**Work order**.
Give back every line of the material exactly. Skip the pictures.

**Data provided**.
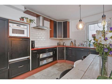 Küche mit EBK, Wohnzimmer, Diele, Gäste-WC, Wäscheraum, Büro.
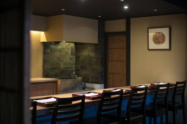 上質な大人の雰囲気が漂うお店は、カウンター6席とテーブル4席のみでゆったりと寛ぎながらお食事をお愉しみいただけます。広くとったカウンターと、境目のない厨房、カウンター内にしつらえた焼き場、温かみがある土壁など、随所にこだわりが潜んでいます。
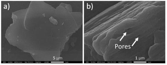 SEM micrographs of gCN powder: (a) image of the typical gCN particle; (b) details of the pores observed on the gCN surface.

**Written response**.
 Küche mit EBK, Wohnzimmer, Diele, Gäste-WC, Wäscheraum, Büro.
 上質な大人の雰囲気が漂うお店は、カウンター6席とテーブル4席のみでゆったりと寛ぎながらお食事をお愉しみいただけます。広くとったカウンターと、境目のない厨房、カウンター内にしつらえた焼き場、温かみがある土壁など、随所にこだわりが潜んでいます。
 SEM micrographs of gCN powder: (a) image of the typical gCN particle; (b) details of the pores observed on the gCN surface.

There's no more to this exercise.